AI’s advantage isn’t just prediction. It’s the ability to create feedback loops across fragmented systems. That’s where fintech infra gets really interesting: when risk, capital, and operations become continuous, data-driven functions, not static rulebooks.
Tokenization Is a Rails Shift, Not Just a Wrapper
Much of the noise around tokenization misses the point. This isn’t just about wrapping real-world assets in a crypto skin. It’s about changing what’s possible when the unit of value becomes programmable.
If you think of money as a data object—rather than a balance on a ledger—everything shifts. You can:
Encode rights, rules, and compliance into the asset itself
Enable real-time settlements and conditional transfers
Move value across fragmented systems without reconciliation
From an investor lens, this changes the core assumptions of margin structure and velocity. You’re no longer just backing software that sits on top of a payment rail. You’re backing infrastructure that becomes the rail—and extracts value from every movement.

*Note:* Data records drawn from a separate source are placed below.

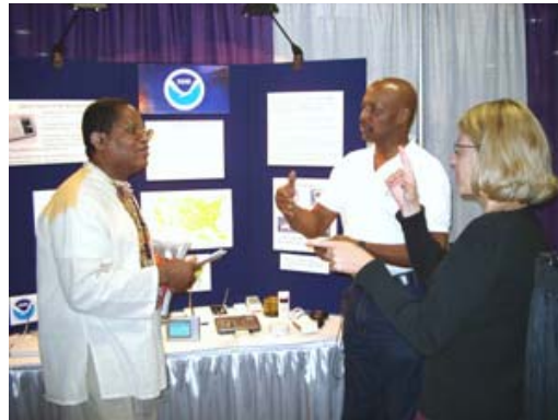
NWS Staff at Deafway II Booth at D.C. Convention Center

Gallaudet University hosted Deaf Way II at the Washington, DC Convention Center July 8-13, 2002. This was an international event with 9,000 attendees from around the world. It included deaf, hearing, hard of hearing, late-deafened, deaf-blind, parent, student and more. During the three days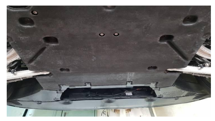
Step 1) Start with the installation on the front axle.

The SLAVE device must be installed here.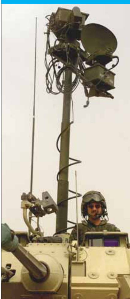
The mast-mounted radar of a Coyote armoured reconnaissance vehicle watches the perimeter of the Kandahar airfield. Those vehicles have proven to be valuable surveillance assets.

Any ground asset can be considered an intelligence-gathering platform – even the single soldier. However, vehicles such as the Canadian Army Coyote equipped with its full suite of sensors (including a radar), the German and Dutch Fenek, the Humvee equipped with Raytheon's Lras3, and many others, were specifically conceived for recce/surveillance roles. Complementing these, however, is ground electronic warfare equipment for the monitoring of insurgent communica-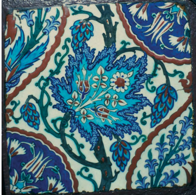
Illustration 1. Tile with a central grape leaf design Providence Art Club

The popularity of İznik tiles in the West, manifested in a major collecting phenomenon in the latter part of the 19 th century, has led to their widespread dispersal into a number of unlikely places. For example, the Providence Art Club in Providence, Rhode Island, a private organization founded in 1880, now occupies late eighteenth-century premises in that city that comprise, among other things, a capacious Central Dining Room. The present dining space was designed during a major renovation in the early 1940s, at which time the daughter of the renovation architect presented to the Art Club six İznik tiles, now set into the booth walls of the restaurant, where diners may examine them closely while eating. Three of these tiles are from the great age of İznik production in the 16 th century, and three were made in İznik in the 17 th . The three earlier tiles and one later tile are of the repeating-pattern type; and all are of types known from examples in other collections. [Illustrations 1-4] The fifth tile, a piece of a late unified-field panel, and the sixth, a border tile from the 17 th century, will not be discussed here.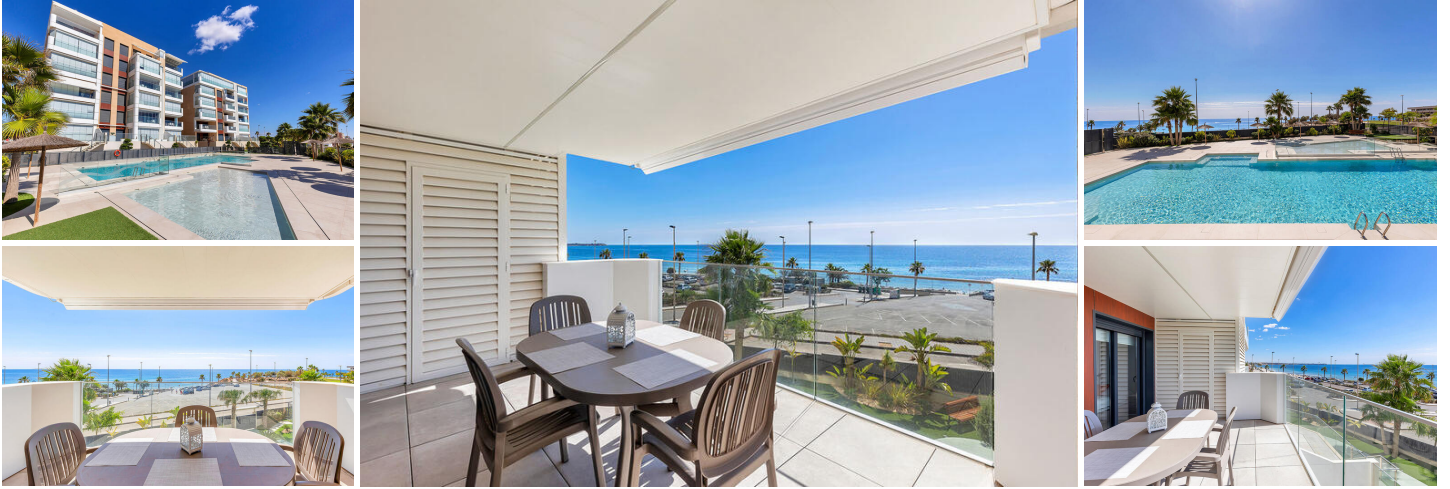
Sea front apartment in Mil Palmeras, Orihuela Costa

The property is distributed in a living room, two bedrooms, two bathrooms and a large terrace of 13m 2 . The residential has everything you need to incorporate you to live. Latest qualities in the facilities and 2 outdoor swimming pools (one of them for children). Subway parking and private storage room included in the price.

The parallel in the cloud world would be Stripe vs Twilio vs AWS. We’re now approaching the AWS stage: whoever owns the programmable core will win on throughput, reliability, and trust.
What Founders Should Be Solving Next
For founders, this is a wide open field. But it also demands a new mindset. You’re not just building a prettier front-end to a broken system. You’re rebuilding the plumbing.
Here are some themes I find most compelling:
1. Smart Risk Infrastructure
The old model: static rules-based decisioning with batch data.
The new model: continuous, adaptive underwriting based on streaming context, behavioral signals, and market shifts.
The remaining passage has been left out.